## WHAT IS BEING ASKED
Working from the start of the listing, please write out exactly the lines through the one that holds "2023年房地产业增加值为7", both included, and omit all pictures.

-- EXERCISE MATERIAL follows --

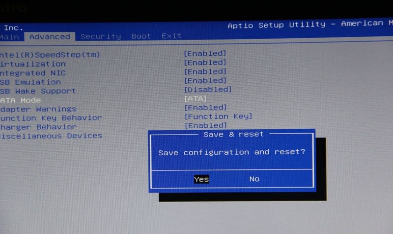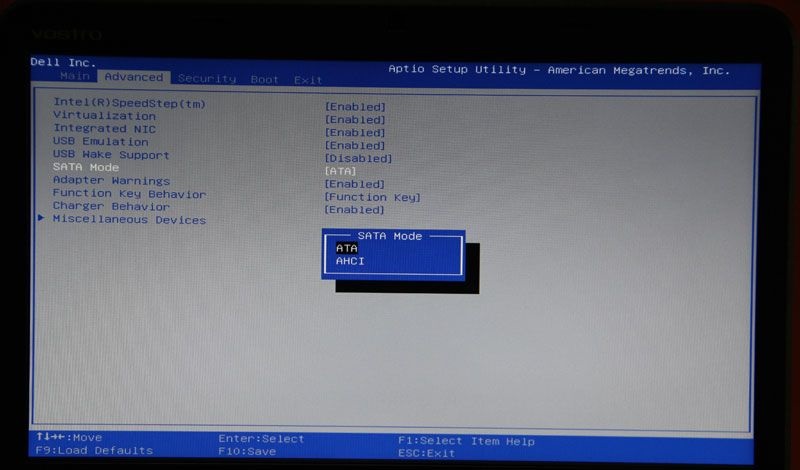 第二步:按F2键进入bios,以此找到Advanced-SATA Mode,然后按Enter键,用键盘的上下键选择ATA。此步的操作的修改硬盘模式,改为ATA模式,以免在安装过程中出现蓝屏。如下图:
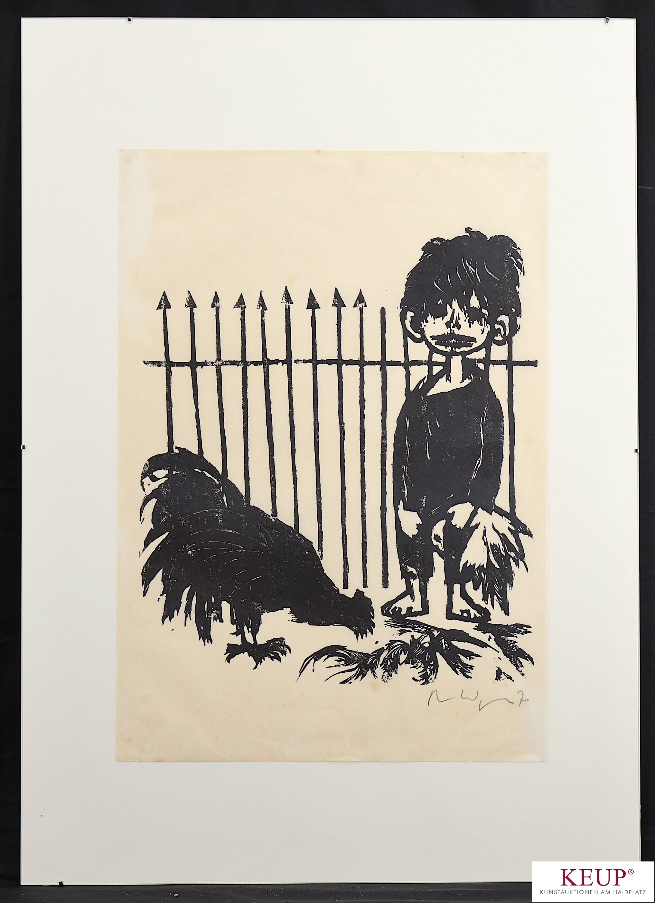 Holzschnitt - Robert WYSS (1925 Luzern - 2004 Adligenswil) ''Kind mit Henne am Zaun'', r.u. Bleistiftsignatur, Blattmaße ca. 49,5x35 cm, Provenienz: Privatbesitz Regensburg, vgl. Lit.: Schweizer Holzschneider, Grafiker und Kunstmaler; Schüler von Max von Moos an der Kunstgewerbeschule Luzern; Ende der 1940 Jahre ging er nach Paris an die Academie de la Grande Chaumiere; Er gehört zu den bekanntesten Holzschnitt-Künstlern der Schweiz; 1984 Kunst und Kulturpreis der Stadt Luzern
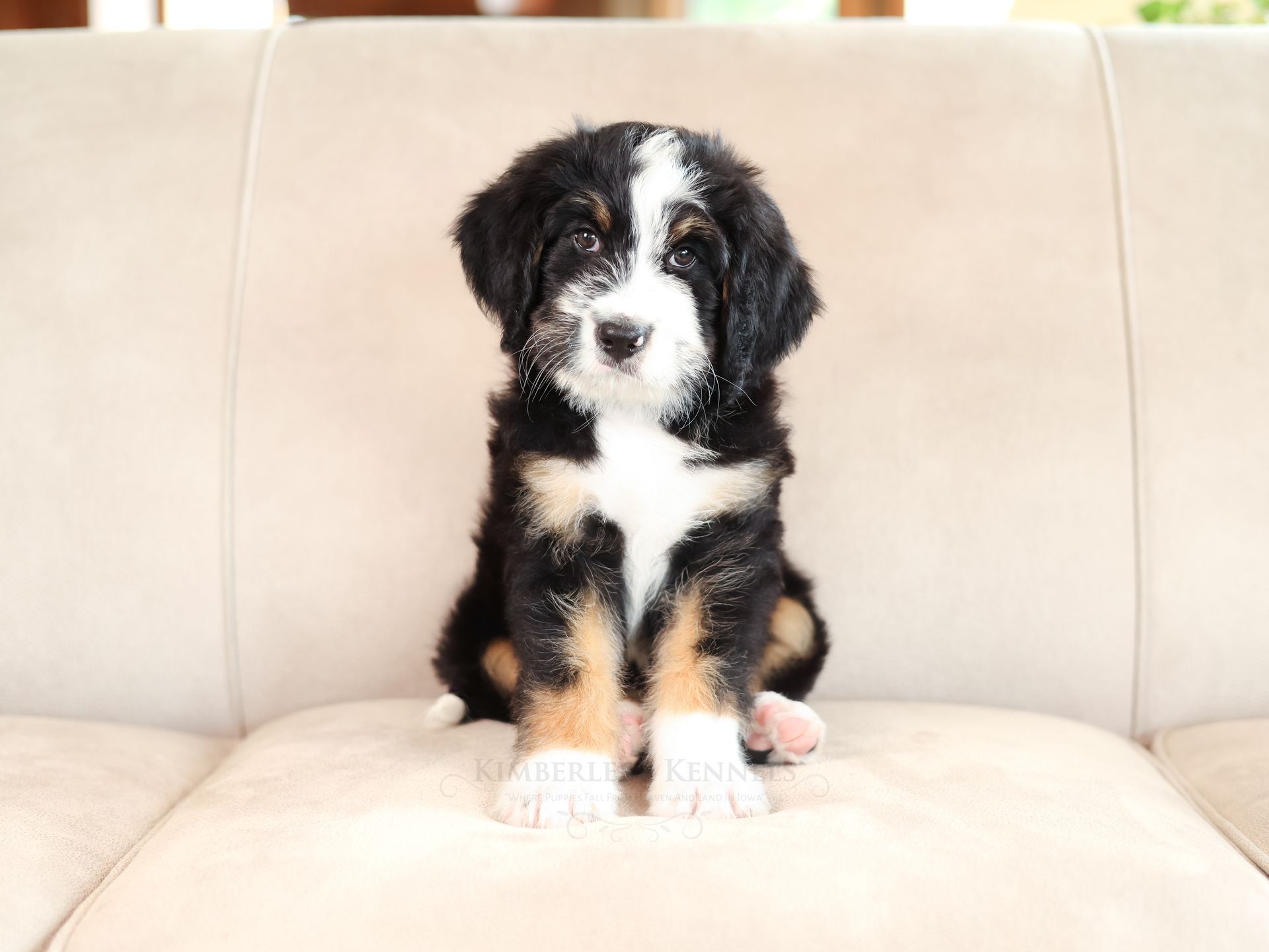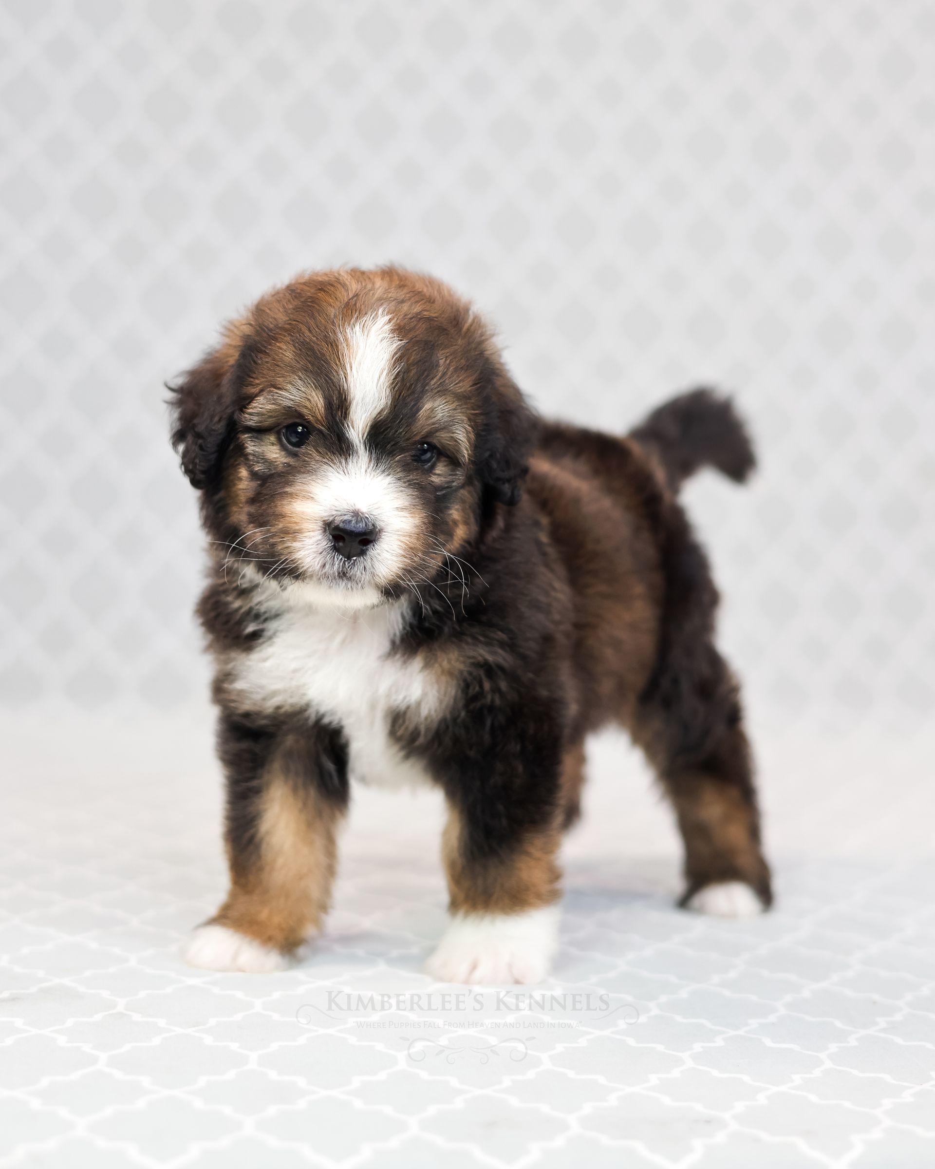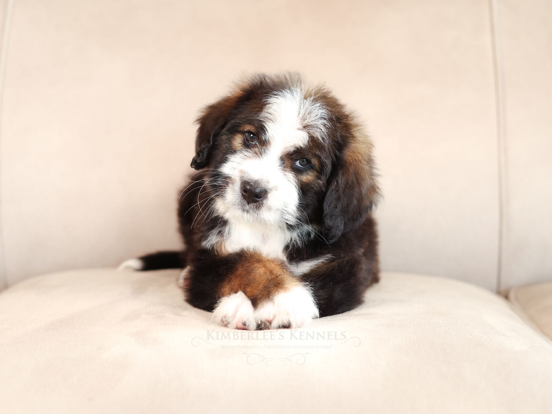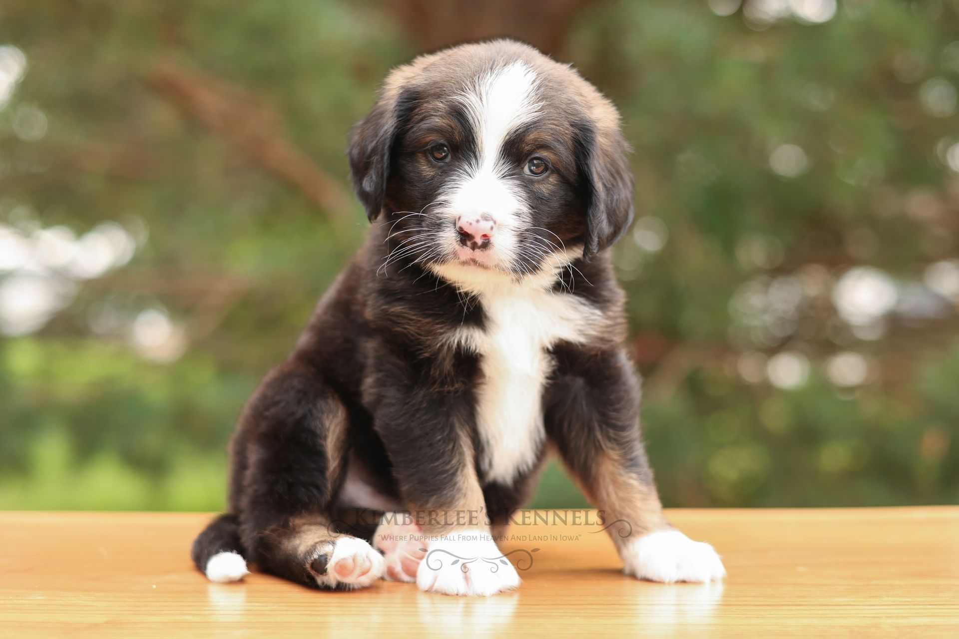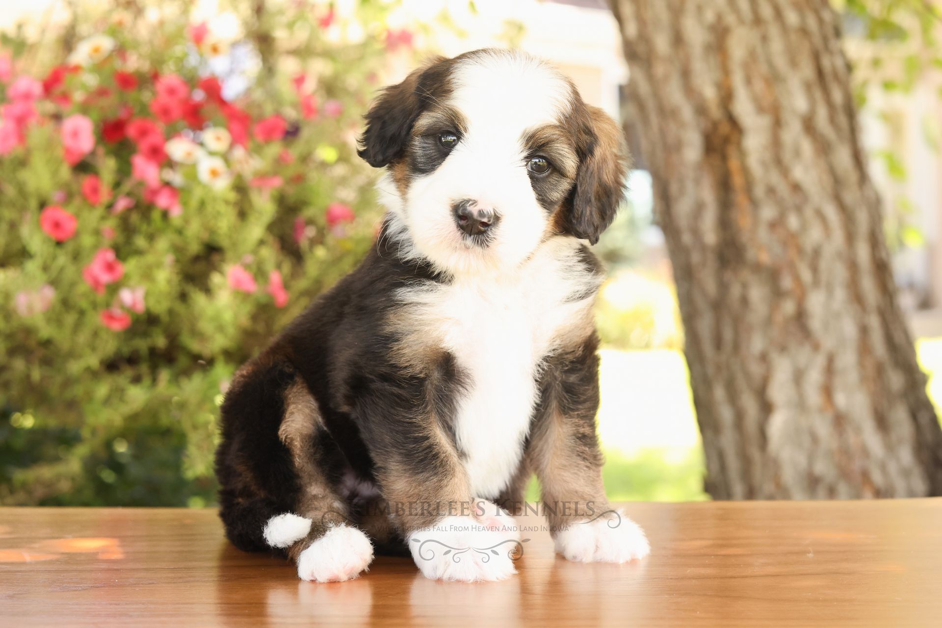 Mocha is the perfect blend of playful, active, and affectionate. She loves to run, romp in our creek, and play with her puppies. Mocha is a wonderful momma as her puppies are always socialized and very well cared for. Mocha was born and raised here at our kennel and stands out for her bubbly and goofy demeanor. She quickly befriends everyone she meets and has a sweet personality. Mocha has an athletic build with a straight and fluffy coat. She features beautiful brindle markings and hazel round eyes. Mocha is truly a special bernedoodles and passes down her excellent temperament to each of her puppies.
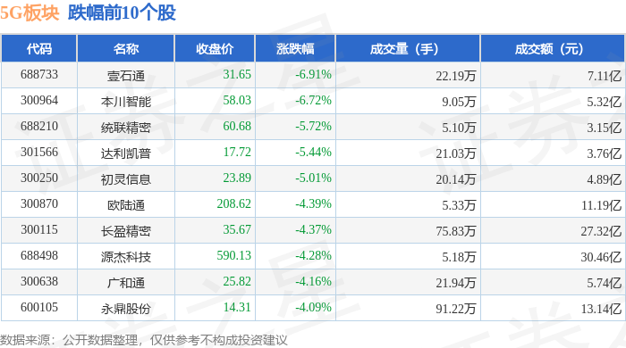证券之星消息,11月7日5G板块较上一交易日下跌0.43%,壹石通领跌。当日上证指数报收于3997.56,下跌0.25%。深证成指报收于13404.06,下跌0.36%。5G板块个股涨跌见下表:
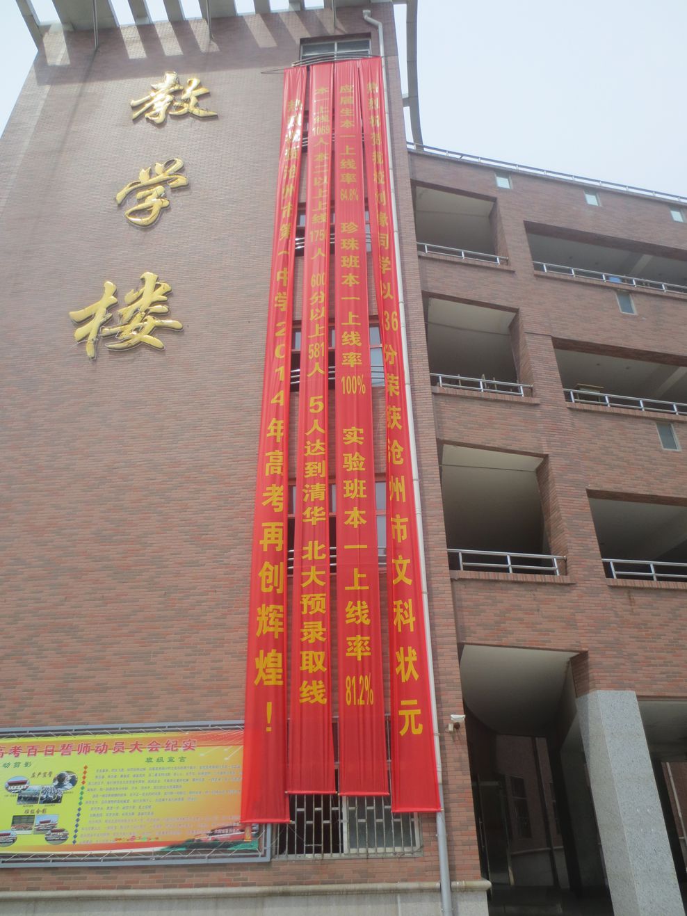 2014年,沧州一中将实现校园整体搬迁,我校以优异的高考成绩向新一中献上了一份厚礼。沧州一中双喜临门,我校全体师生愿与我市700多万父老共享荣光!
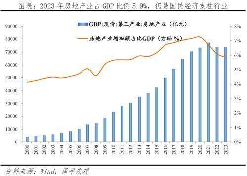 2023年房地产业增加值为7.4万亿元,占GDP的5.9%。自2003年以来,国务院18号文将房地产定位为支柱性产业。20年来,房地产成为我国经济发展火车头之一。2000-2023年我国房地产业占GDP比例由4.1%增加到5.9%,一般而言,在经济中占比超5%的行业可以成为经济的支柱产业。2023年,受房地产行业下行周期、房地产市场供求关系发生重大变化影响,房地产行业占GDP比例下调至5.9%,但仍与2014年水平持平。
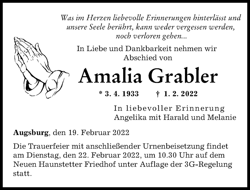Hier finden Sie alle Traueranzeigen aus der Zeitung, die bisher für Amalia Grabler erschienen sind. Weitere Traueranzeigen, die in der Zeitung erscheinen, werden hier ebenfalls aufgelistet

-- EXERCISE MATERIAL concluded --

## ANSWER BOX
 第二步:按F2键进入bios,以此找到Advanced-SATA Mode,然后按Enter键,用键盘的上下键选择ATA。此步的操作的修改硬盘模式,改为ATA模式,以免在安装过程中出现蓝屏。如下图:
 Holzschnitt - Robert WYSS (1925 Luzern - 2004 Adligenswil) ''Kind mit Henne am Zaun'', r.u. Bleistiftsignatur, Blattmaße ca. 49,5x35 cm, Provenienz: Privatbesitz Regensburg, vgl. Lit.: Schweizer Holzschneider, Grafiker und Kunstmaler; Schüler von Max von Moos an der Kunstgewerbeschule Luzern; Ende der 1940 Jahre ging er nach Paris an die Academie de la Grande Chaumiere; Er gehört zu den bekanntesten Holzschnitt-Künstlern der Schweiz; 1984 Kunst und Kulturpreis der Stadt Luzern
 Mocha is the perfect blend of playful, active, and affectionate. She loves to run, romp in our creek, and play with her puppies. Mocha is a wonderful momma as her puppies are always socialized and very well cared for. Mocha was born and raised here at our kennel and stands out for her bubbly and goofy demeanor. She quickly befriends everyone she meets and has a sweet personality. Mocha has an athletic build with a straight and fluffy coat. She features beautiful brindle markings and hazel round eyes. Mocha is truly a special bernedoodles and passes down her excellent temperament to each of her puppies.
证券之星消息,11月7日5G板块较上一交易日下跌0.43%,壹石通领跌。当日上证指数报收于3997.56,下跌0.25%。深证成指报收于13404.06,下跌0.36%。5G板块个股涨跌见下表:
 2014年,沧州一中将实现校园整体搬迁,我校以优异的高考成绩向新一中献上了一份厚礼。沧州一中双喜临门,我校全体师生愿与我市700多万父老共享荣光!
 2023年房地产业增加值为7.4万亿元,占GDP的5.9%。自2003年以来,国务院18号文将房地产定位为支柱性产业。20年来,房地产成为我国经济发展火车头之一。2000-2023年我国房地产业占GDP比例由4.1%增加到5.9%,一般而言,在经济中占比超5%的行业可以成为经济的支柱产业。2023年,受房地产行业下行周期、房地产市场供求关系发生重大变化影响,房地产行业占GDP比例下调至5.9%,但仍与2014年水平持平。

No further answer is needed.